Prices vary significantly between countries in Europe. Significant differences exist even between neighbouring countries such as Austria and Hungary — or Germany and Poland.
But how can we best compare prices across Europe? And what are the most expensive and cheapest countries across the continent?
Price level indices are a good way to help us understand how expensive or cheap goods and services are in each country. They compare national price levels to the EU average and are calculated using Purchasing Power Parities (PPPs).
According to Eurostat, PPPs act like an artificial common currency, as they show how much people can buy with the same amount of money across countries.

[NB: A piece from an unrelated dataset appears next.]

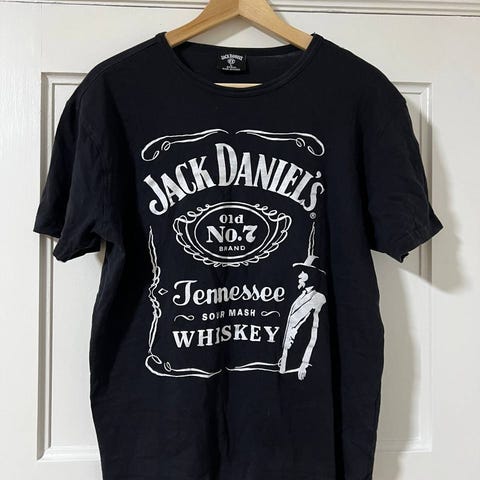 T-shirt med et tryk af en tegnet figur med en flaske Jack Daniel's og en skattekiste.

The results are based on price surveys covering more than 2,000 consumer goods and services, conducted across 36 European countries.

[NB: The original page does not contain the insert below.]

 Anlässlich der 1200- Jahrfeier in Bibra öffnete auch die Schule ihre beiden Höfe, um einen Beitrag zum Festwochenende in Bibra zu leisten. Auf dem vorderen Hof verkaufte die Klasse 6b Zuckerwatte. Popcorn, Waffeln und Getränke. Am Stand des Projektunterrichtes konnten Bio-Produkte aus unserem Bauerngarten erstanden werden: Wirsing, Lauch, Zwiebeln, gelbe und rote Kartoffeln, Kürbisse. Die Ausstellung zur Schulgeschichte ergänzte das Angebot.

How are prices compared across countries?
There are several price level indices that compare the cost of different goods and services — such as food, drink, clothing, hotels, and more. In addition to these individual or group indices, there are two main indicators that show the ‘overall’ price level of consumer goods and services:
One is actual individual consumption (AIC), which measures all goods and services actually consumed by households. It includes consumer goods and services purchased directly by households, as well as services provided by non-profit institutions. The indicator also includes services provided by the government for individual consumption such as health and education services.
Another indicator is household final consumption expenditure (HFCE), which studies total spending on individual goods and services by resident households.

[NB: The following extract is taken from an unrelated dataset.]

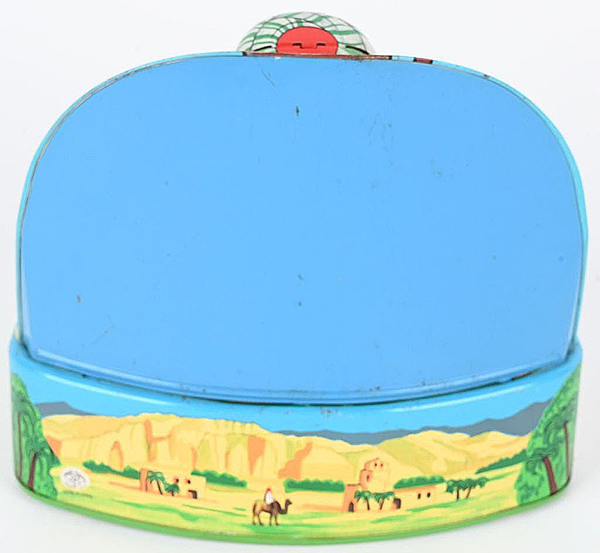 Masudaya (Modern Toys) Snake Charmer, Battery Operated, 6 1/2″ in Diameter, Tin Litho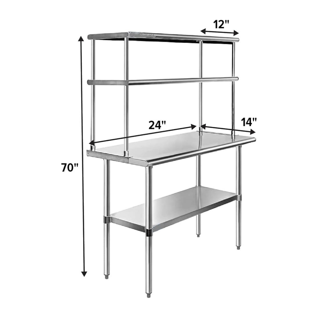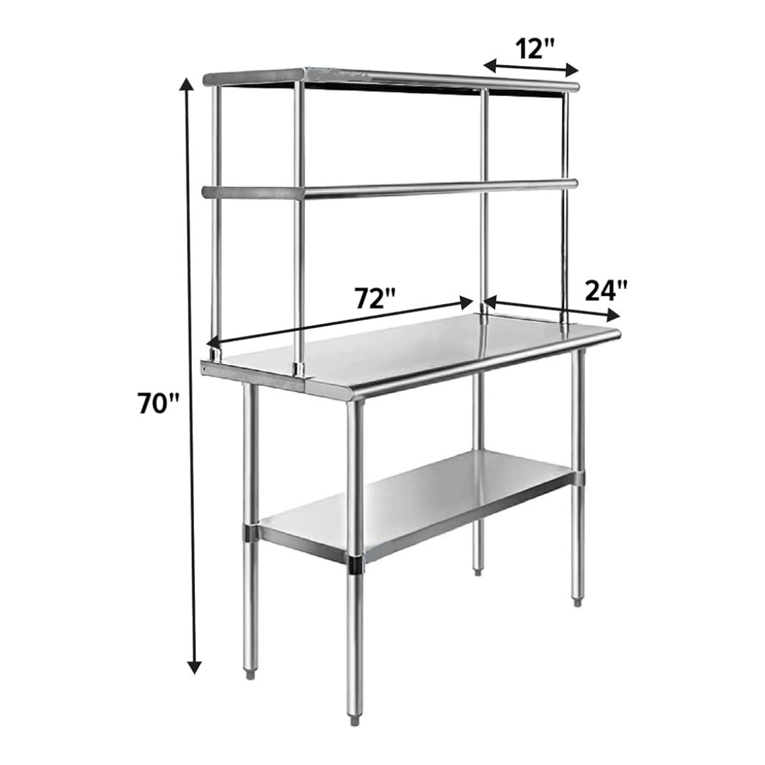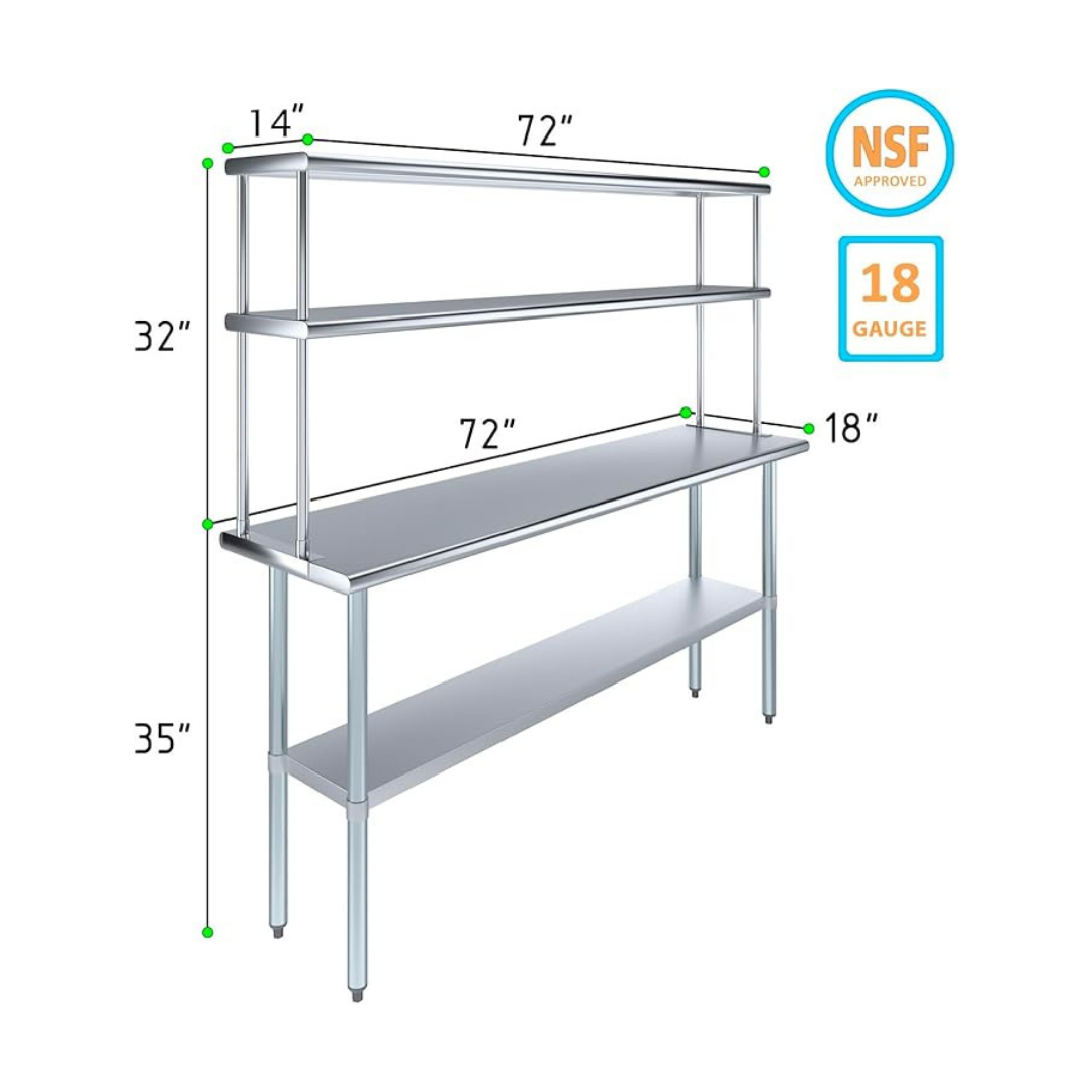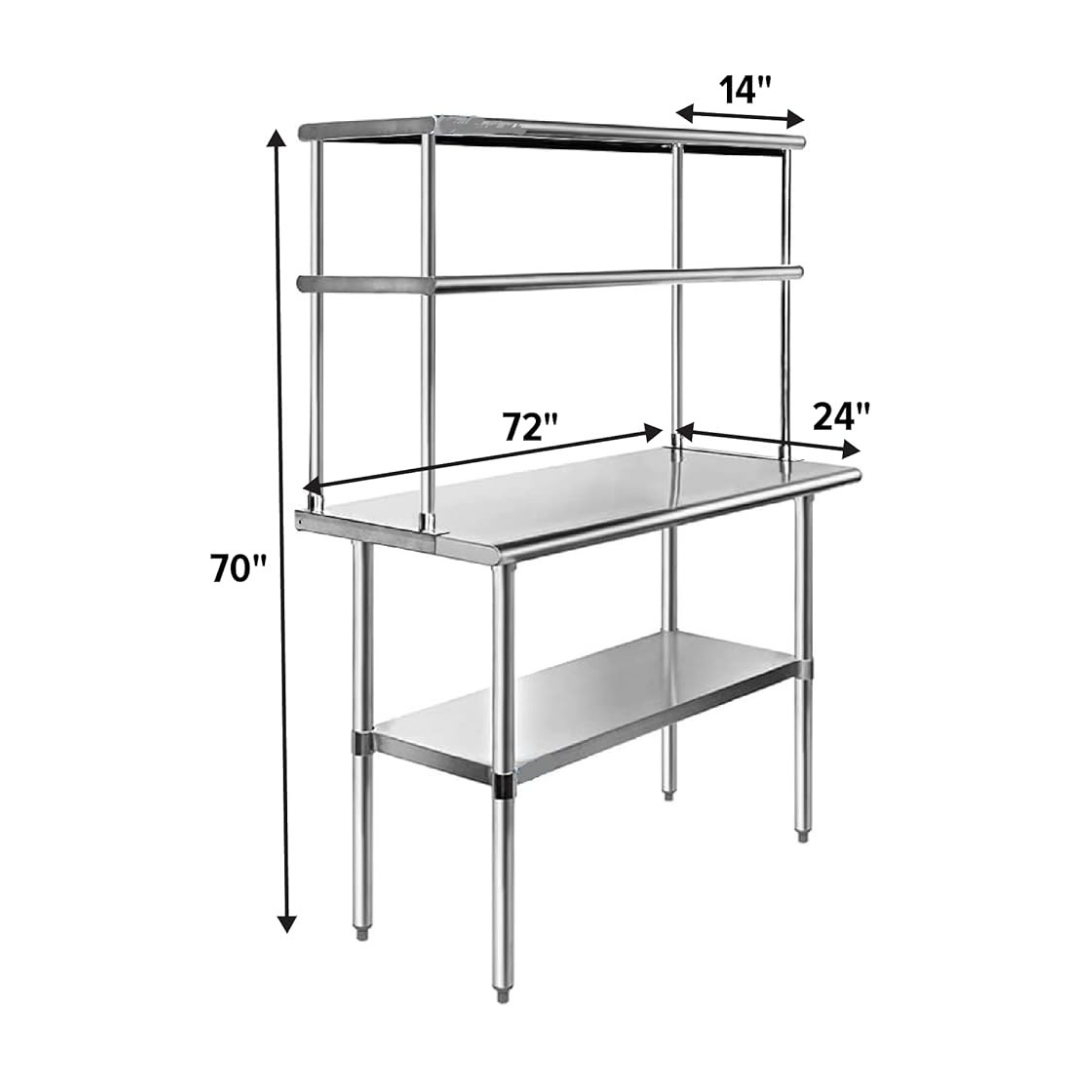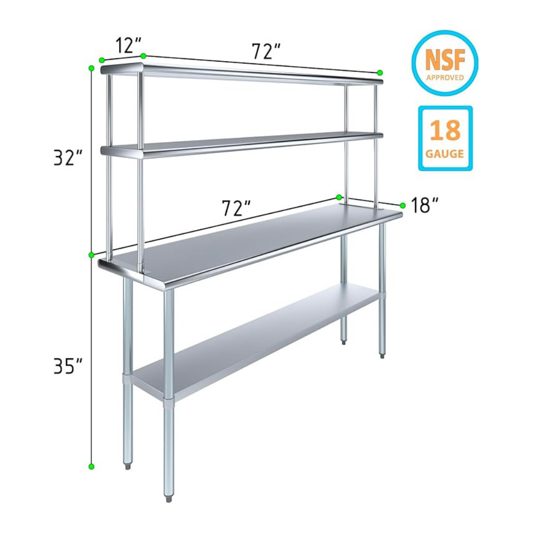 Stainless Steel Prep Work Table with Overshelf – Commercial Kitchen Workstation

In other words, AIC looks at what households use — including services they don't directly pay for — and HFCE shows what they spend money on.
Eurostat notes that AIC is often used in international comparisons, as it captures more than the narrower concept of household consumption. Euronews has therefore used AIC figures for comparisons, although consumption data is also included in the chart.
Switzerland is 3.9 times as expensive as Turkey
As of 2024, out of 36 countries, Switzerland is the most expensive, with prices at 184% of the EU average — 84% higher than the average.
Turkey is the cheapest, with prices at 47% of the EU average, meaning they are 53% lower than the EU average.
This makes Switzerland 3.9 times as expensive as Turkey, revealing the sharp contrast in price levels across Europe.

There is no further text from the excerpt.